Houston deserves more credit than Washington for improved trade deficit
While Washington wrestles with the nation’s burgeoning budget deficits, some good news has emerged on the other deficit front: The nation’s bloated trade deficit appears to be turning the corner, with at least one prominent economist predicting it will disappear altogether within a decade.The primary driver for all theses positive trends is the shale oil and gas revolution that was done without help from Washington. We are already seeing manufacturing of plastics coming back to the US where the natural gas feed stock cost a fraction of what it does in Asia. The increased oil and gas production also means fewer imports. It would be happening much faster if Obama and other Democrats would get out of the way of domestic production on federal controlled sites.

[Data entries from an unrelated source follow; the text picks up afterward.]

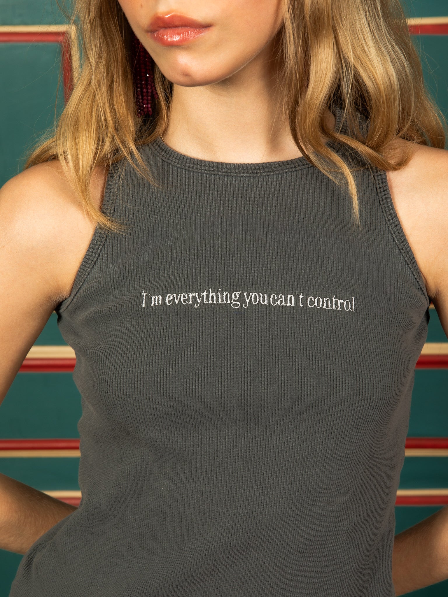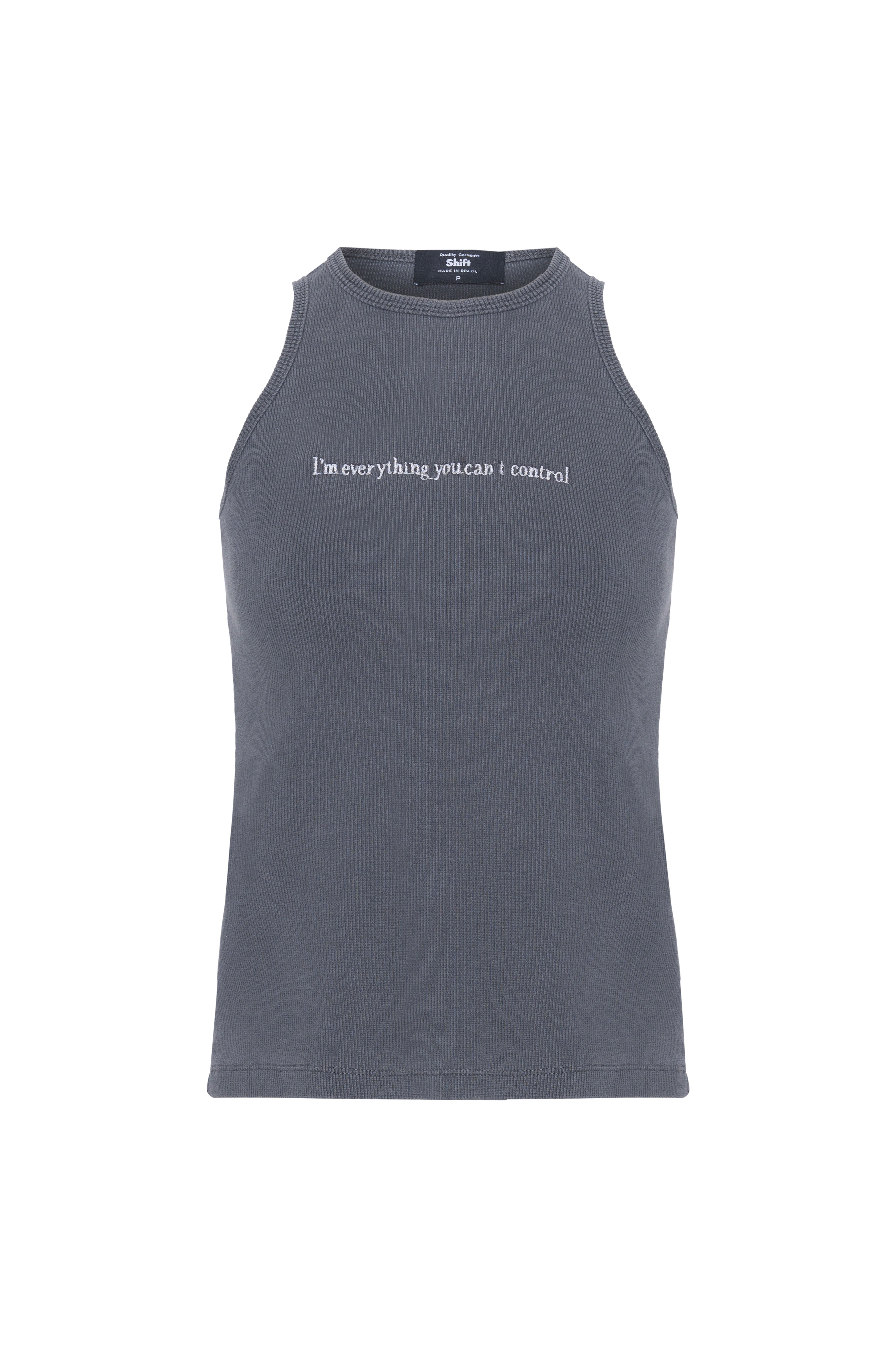 A regata Can’t Control tank cinza possui uma modelagem justa, e uma lavagem vintage. Confeccionada em malha canelada 95% em algodão e 5% elastano. Na frente carrega o bordado com a frase “I’m everything you can’t control” e tem as costas lisas.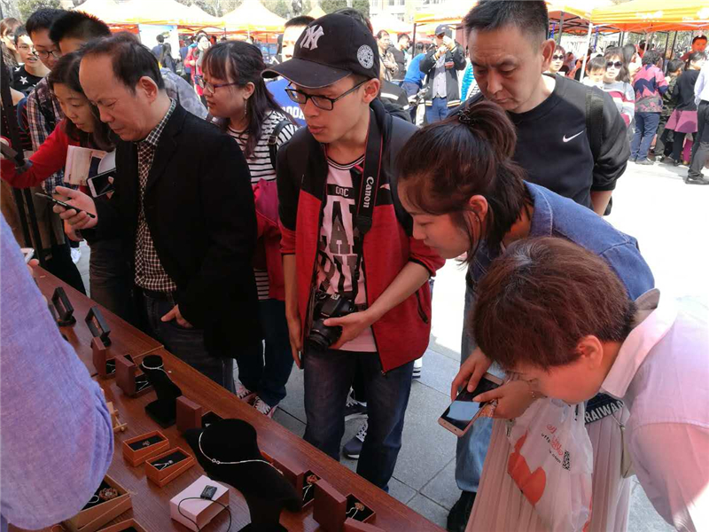 游客观赏各类学生设计的海棠季文创作品 马雨萌摄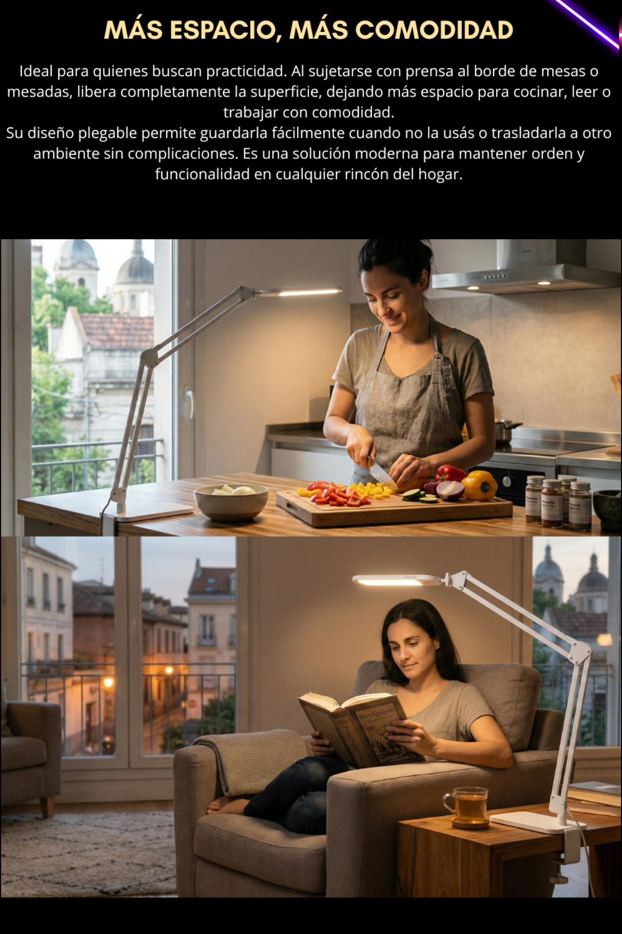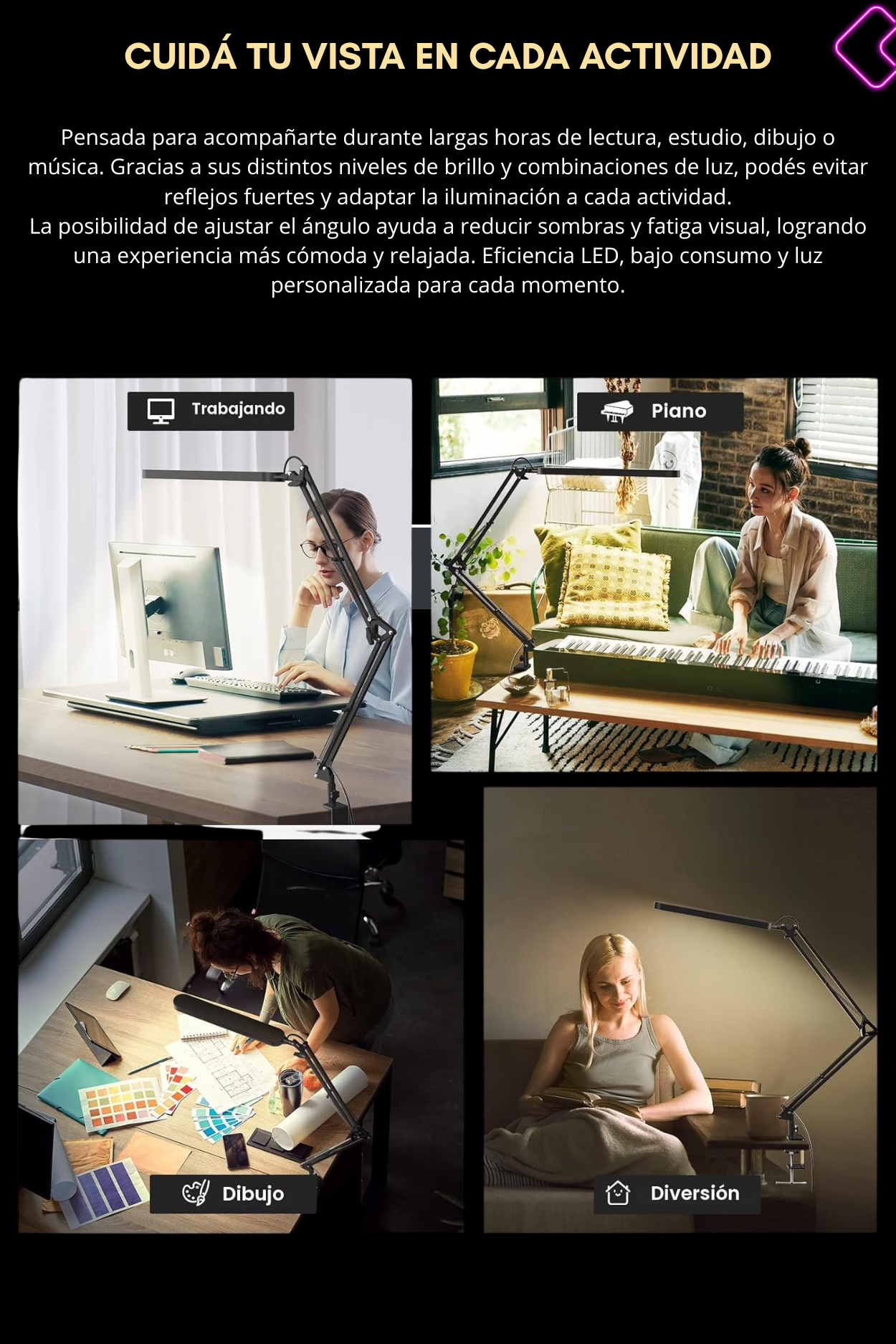 Sí. Una buena iluminación reduce el esfuerzo visual cuando trabajás en la computadora, estudiás o leés. Al poder colocarla a la altura adecuada y regular tanto el tono como la intensidad, ayuda a disminuir el contraste excesivo entre la pantalla y el ambiente oscuro.

A recent wave of “re-shoring” of overseas manufacturing plants by U.S. chemical, auto and other companies signals the revival of U.S. competitiveness in many industries vis-a-vis Europe, Japan, China and other major trade partners. The trend got a big push recently from a dramatic drop in American natural gas prices, making the U.S. a highly desirable location for manufacturers relying on gas for energy and as a component in plastics, chemicals and other essential materials.

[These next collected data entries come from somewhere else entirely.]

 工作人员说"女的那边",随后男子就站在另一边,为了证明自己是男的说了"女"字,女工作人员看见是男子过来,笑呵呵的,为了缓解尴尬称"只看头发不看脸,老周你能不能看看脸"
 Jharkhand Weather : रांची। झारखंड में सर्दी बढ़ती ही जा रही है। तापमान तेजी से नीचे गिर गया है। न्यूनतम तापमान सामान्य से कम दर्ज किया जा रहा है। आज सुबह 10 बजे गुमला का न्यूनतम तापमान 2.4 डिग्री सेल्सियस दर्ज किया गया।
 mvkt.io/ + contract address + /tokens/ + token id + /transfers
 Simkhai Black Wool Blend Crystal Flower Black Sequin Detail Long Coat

Rising U.S. competitiveness has stoked a major export revival since 2009, helping pull the economy out of recession. Many analysts have been surprised by how well exports have held up this year despite the slide back into recession of the largest U.S. export market — the 17-nation eurozone — and a major slowdown in the nation’s fastest growing market — China.

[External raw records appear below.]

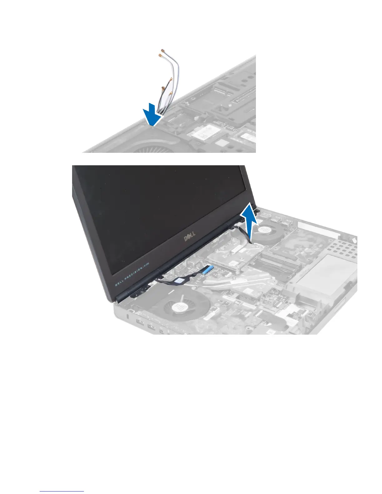 4. Flip the computer and pull up the antenna cables through the routing hole.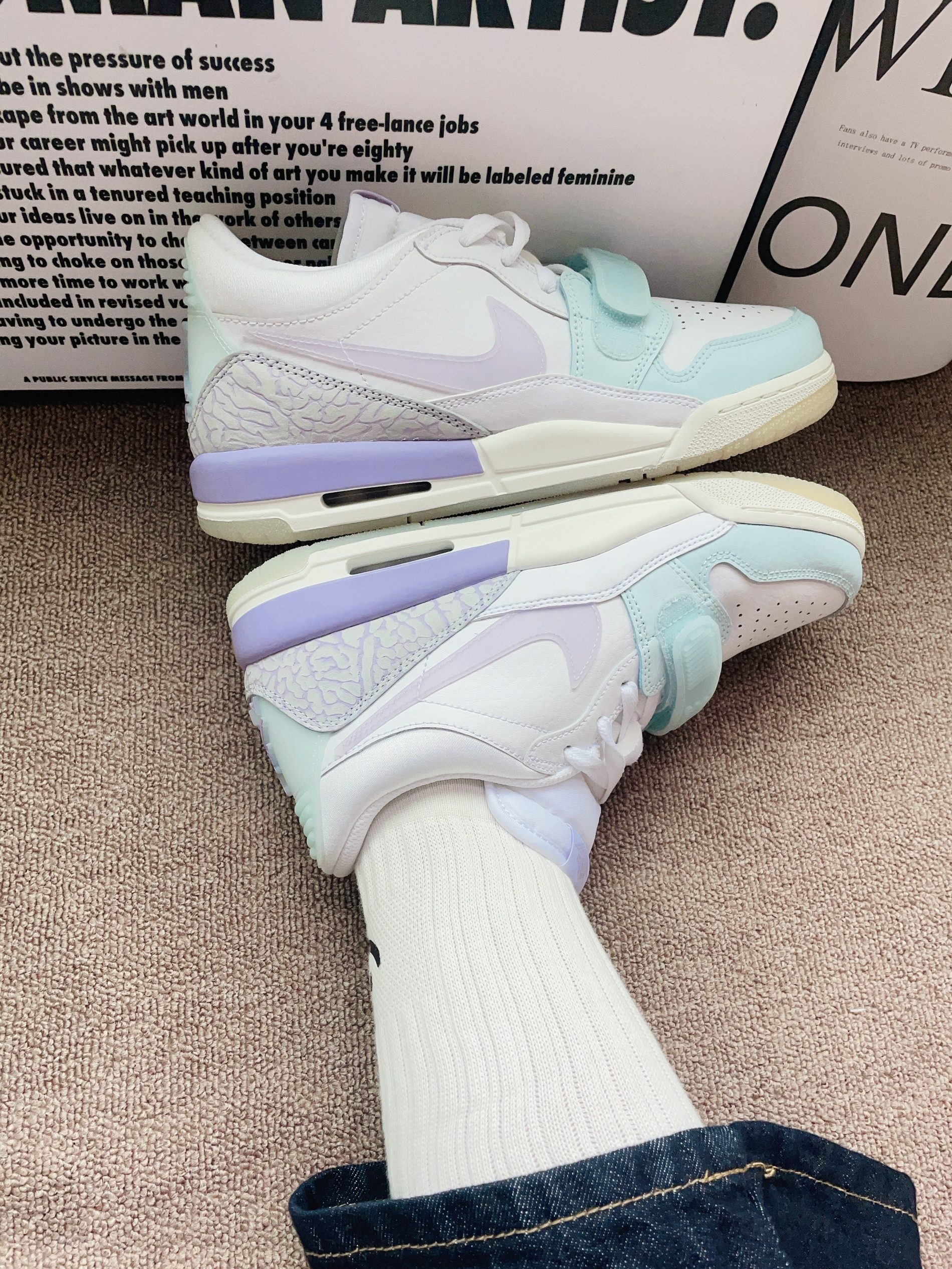 本篇笔记关联了Air Jordan Legacy 312 板鞋 运动休闲鞋 三合一魔术贴缓震复古回弹合成革 GS/白色/绣球花紫/冰川蓝等商品,为用户提供真实的使用体验和购买参考。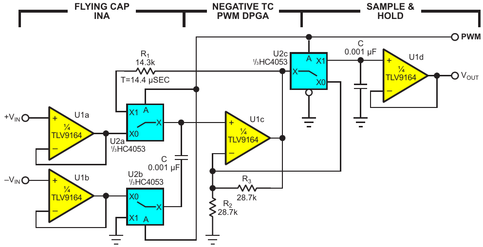 Negative time-constant and PWM program a versatile ADC front end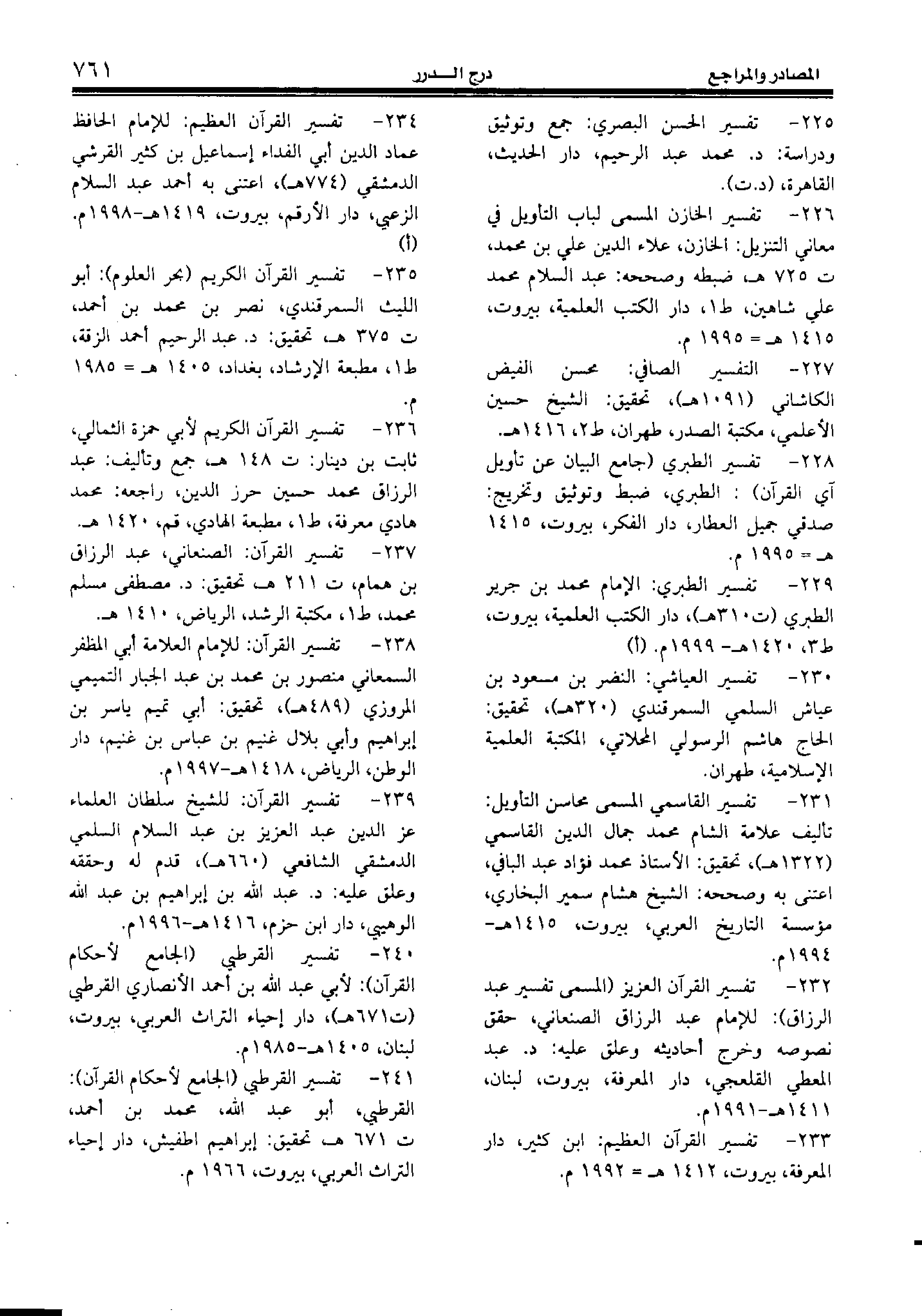 226 - تفسير الخازن المسمى لباب التأويل في معاني التنزيل: الخازن، علاء الدين علي بن محمد، ت 725 هـ، ضبطه وصححه: عبد السّلام محمد علي شاهين، ط 1، دار الكتب العلمية، بيروت، 1415 هـ-1995 م.

The export revival owes to a constellation of U.S. trends that have been building for years, including a pronounced weakening of the dollar against other major currencies, high productivity growth and subdued wage increases, and rising fuel and transport costs that make it more expensive for manufacturers overseas to deliver goods to customers in the U.S. American farmers also are helping the balance of trade by becoming beneficiaries for rising living standards in China and other emerging countries, driving farm prices to near-record levels.
On the import side, there has been a trend toward saving more and spending less among U.S. consumers and a dramatic reversal of U.S. energy consumption and production trends since 2005 that has put a lid on American oil imports and promises to turn the U.S. into a net energy exporter in coming decades. America’s gigantic oil deficit has been second only to the gargantuan trade deficit with China as a major driver of chronic U.S. trade gaps that surged to more than $800 billion at their peak in 2006.